By Jasminee Sahoye
The first human rights tribunal case being heard following the death of a Jamaican migrant worker will have its last day of hearing on Friday June 28.
Justicia for Migrant Workers (J4MW) is urging members of the community to attend the closing day of this historic hearing which has been examining the workplace death of Ned Livingston Peart, a Jamaican migrant farm worker who was killed working in a tobacco farm in rural Ontario in 2002.
This case is intended to bring forward changes to prevent workplace deaths and injuries and to improve working and living conditions of migrant farm workers in the province.
The Peart case is based on the refusal of the Office of the Chief Coroner to grant an inquest into his death. Peart was brought to Ontario through the Commonwealth Seasonal Agricultural Workers Program.
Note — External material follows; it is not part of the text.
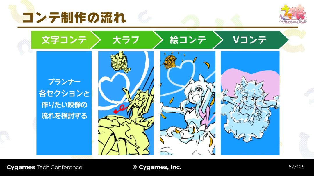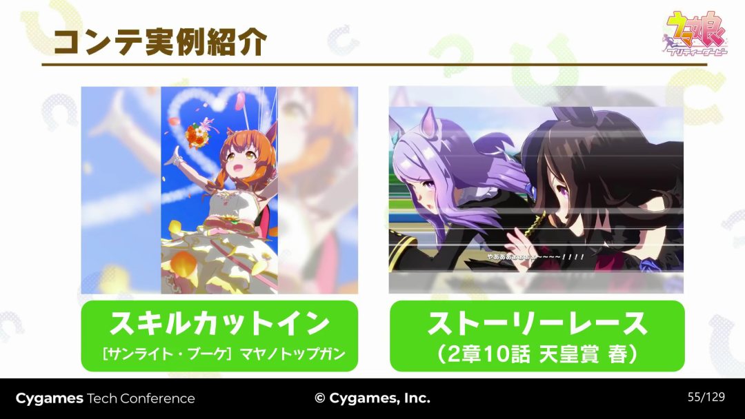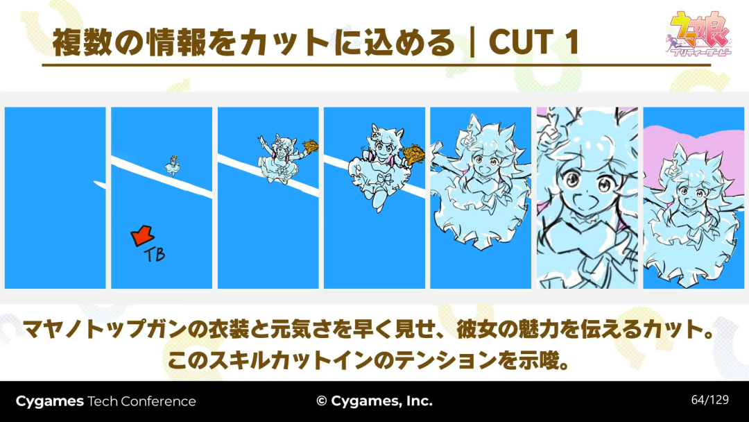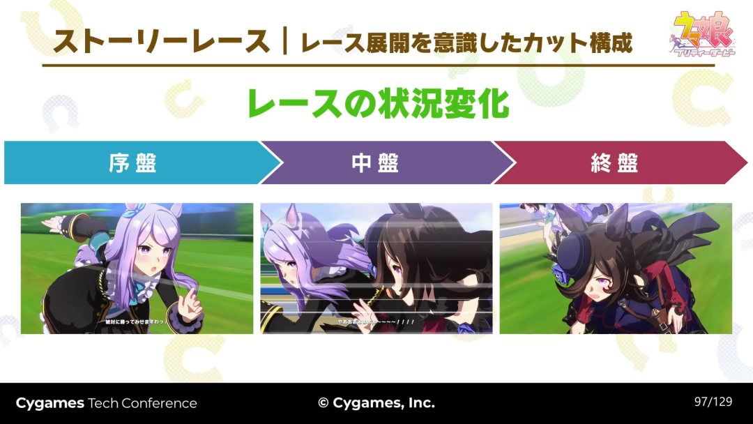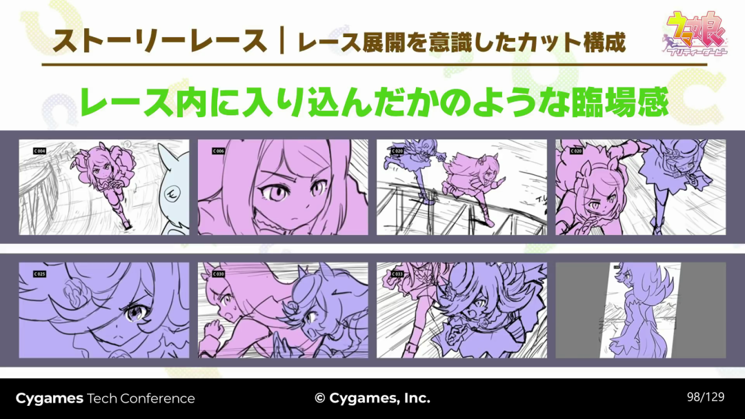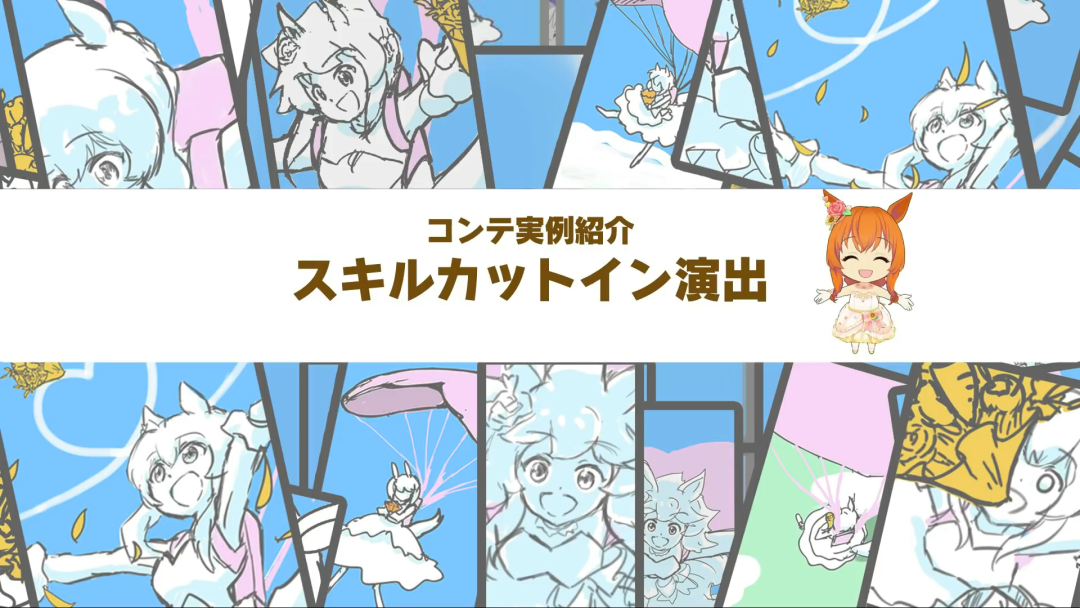 前半段分享中,我们提到了分镜在《赛马娘》制作中的重要性,以及分镜组的大致工作目标和流程,接下来进入实例拆解的环节,具体要介绍的,是游戏中常见的技能Cut in演出和主线故事内赛跑场景的演出。

His family sought to have a coroner’s inquest into his death because of safety concerns on the job.
According to J4MW, there has never been an inquest into the death of a migrant worker under the Seasonal Agricultural Worker Program in Ontario or anywhere in Canada.
Peart’s brother brought a complaint to the Human Rights Commission in the summer of 2005 asserting that section 10(5) of the Coroners Act, which provides that a mandatory inquest will be held for certain types of workers while excluding others, violates the code because such provisions have an adverse impact on the applicant and migrant workers in Ontario.
He travelled from Jamaica to testify on the first day of the tribunal. He had told the Camera that despite it took years for the human rights tribunal to hear evidence, his wait was not in vain.
He said his brother’s death will serve as a catalyst for change in the form of regulations to prevent migrant workers from being injured and/or die on the job.